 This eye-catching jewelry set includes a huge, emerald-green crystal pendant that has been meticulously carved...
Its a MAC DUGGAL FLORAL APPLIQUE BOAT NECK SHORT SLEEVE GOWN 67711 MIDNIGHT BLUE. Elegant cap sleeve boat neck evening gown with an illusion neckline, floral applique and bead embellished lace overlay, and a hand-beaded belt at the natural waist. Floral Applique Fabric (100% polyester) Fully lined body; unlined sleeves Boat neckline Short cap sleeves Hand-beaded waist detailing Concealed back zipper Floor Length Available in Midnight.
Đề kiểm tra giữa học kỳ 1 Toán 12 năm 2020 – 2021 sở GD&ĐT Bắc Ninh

--

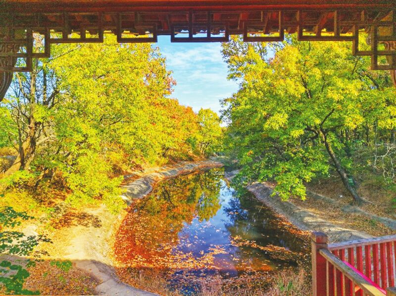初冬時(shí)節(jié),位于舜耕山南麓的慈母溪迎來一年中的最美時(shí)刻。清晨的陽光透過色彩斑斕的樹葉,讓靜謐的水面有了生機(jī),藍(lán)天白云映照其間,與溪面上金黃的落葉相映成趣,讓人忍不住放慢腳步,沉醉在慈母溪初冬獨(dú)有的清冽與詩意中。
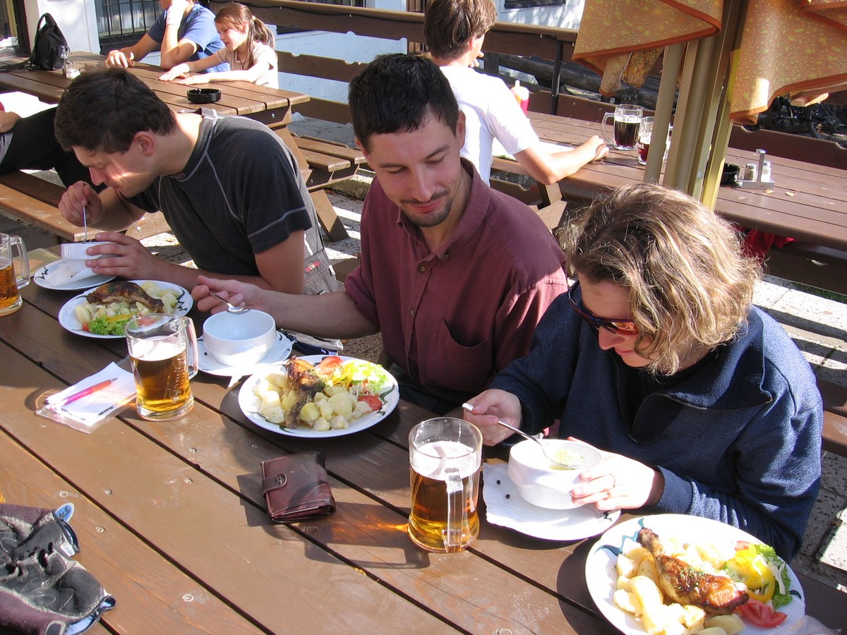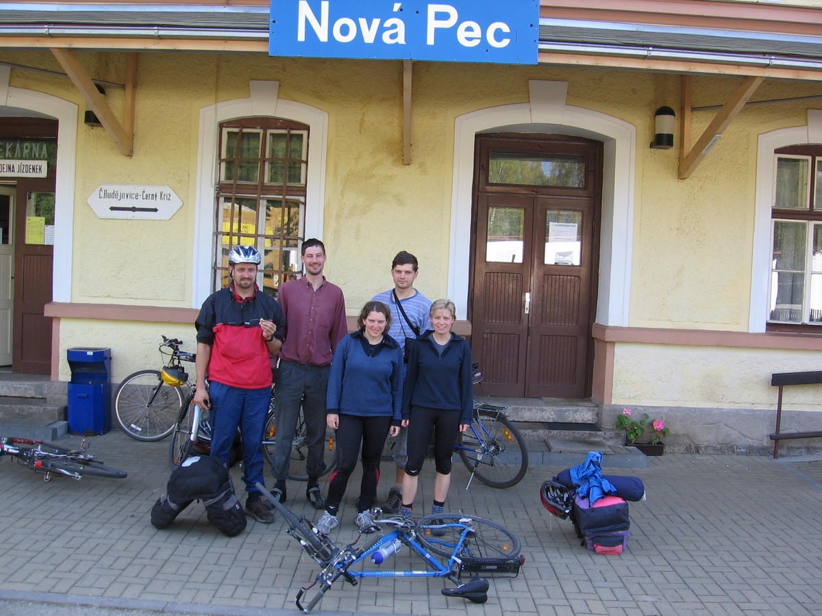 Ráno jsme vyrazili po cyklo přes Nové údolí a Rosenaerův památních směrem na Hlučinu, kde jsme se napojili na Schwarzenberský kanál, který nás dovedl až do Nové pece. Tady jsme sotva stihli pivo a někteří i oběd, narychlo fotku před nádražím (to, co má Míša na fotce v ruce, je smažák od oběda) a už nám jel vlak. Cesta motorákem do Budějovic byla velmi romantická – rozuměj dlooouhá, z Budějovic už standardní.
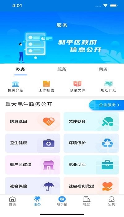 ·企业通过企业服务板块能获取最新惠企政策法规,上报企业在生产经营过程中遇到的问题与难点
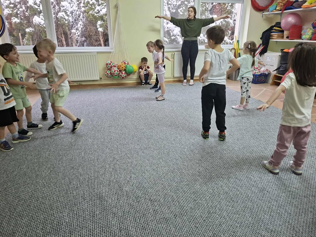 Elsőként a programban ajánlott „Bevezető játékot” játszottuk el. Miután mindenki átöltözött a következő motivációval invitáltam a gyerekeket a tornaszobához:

Exercise:
Return the span of lines in the data above that opens at the line with "This eye-catching jewelry" and closes at the line with "Đề kiểm tra", exactly, ends included, nothing else.

Answer area:
 This eye-catching jewelry set includes a huge, emerald-green crystal pendant that has been meticulously carved...
Its a MAC DUGGAL FLORAL APPLIQUE BOAT NECK SHORT SLEEVE GOWN 67711 MIDNIGHT BLUE. Elegant cap sleeve boat neck evening gown with an illusion neckline, floral applique and bead embellished lace overlay, and a hand-beaded belt at the natural waist. Floral Applique Fabric (100% polyester) Fully lined body; unlined sleeves Boat neckline Short cap sleeves Hand-beaded waist detailing Concealed back zipper Floor Length Available in Midnight.
Đề kiểm tra giữa học kỳ 1 Toán 12 năm 2020 – 2021 sở GD&ĐT Bắc Ninh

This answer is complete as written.